I really don't care about all these things

本帖於 2023-10-06 20:23:10 時間, 由普通用戶 elfie 編輯
回答: 中秋於我的意義(想媽媽了)晴望有雨2023-10-05 20:26:04

I never celebrate Chinese festivals and never adress it to anyone, inluding my mother. I've totally zoned out of it.

I feel too old to be someone else's child because I have my own children to raise, three of them.  It's ridiculous to miss your mother when you're 40, 50, or even 60 years old and busy with your own lives.  For some people it's never a proper time to grow up and stop being a child.  Life is too busy and goes too fast for us to be nalstalgic. Soon we'll be gone too.  Who will miss us then? Probably no one. 

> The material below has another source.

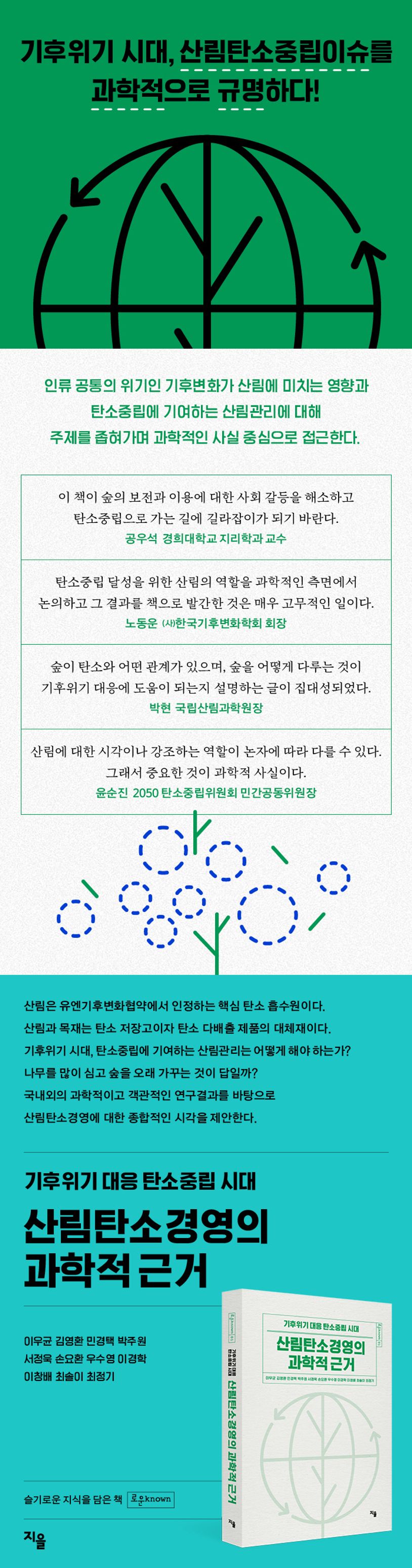 《기후위기 대응 탄소중립 시대, 산림탄소경영의 과학적 근거》는 인류 공통의 위기인 기후변화가 산림에 미치는 영향과 탄소중립에 기여하는 산림관리에 대해 주제를 좁혀가며 과학적인 사실 중심으로 접근한다.

Another thing is that I am more preoccupied with my sons and daughter than with my mother's well beings. If there's any thing that could strike a string in my heart,  it's my five year old son, not my mother whom I haven't seen for years. I worry about my son because he's very young and needs care, because he just entered kindergarten. My mother, however, is living a very healthy, stable life and feels confident to live till 100+. I don't need to put thoughts on her everyday.  We do chat once for a while but not very often because I really don't have time or the mood to conduct a conversation with her. I have to count the time after work, when to take kids to Taekwondo, when to remind them to do homework, when to tune up the violin for practice sessions and when to open Zoom meeting for the math and ELA lessons online. And I do have a day job, 8 hours a day, five days a week. There's so much to do that on weekdays I can't get a rest until 10pm, and I have to get up at 6:30 am the next day to get ready to go to work. That's why for an adult like me, his/her own mother fades into the backdrop of life's hustling and buzzlings.  Sorry, but not everyday is Christmas day.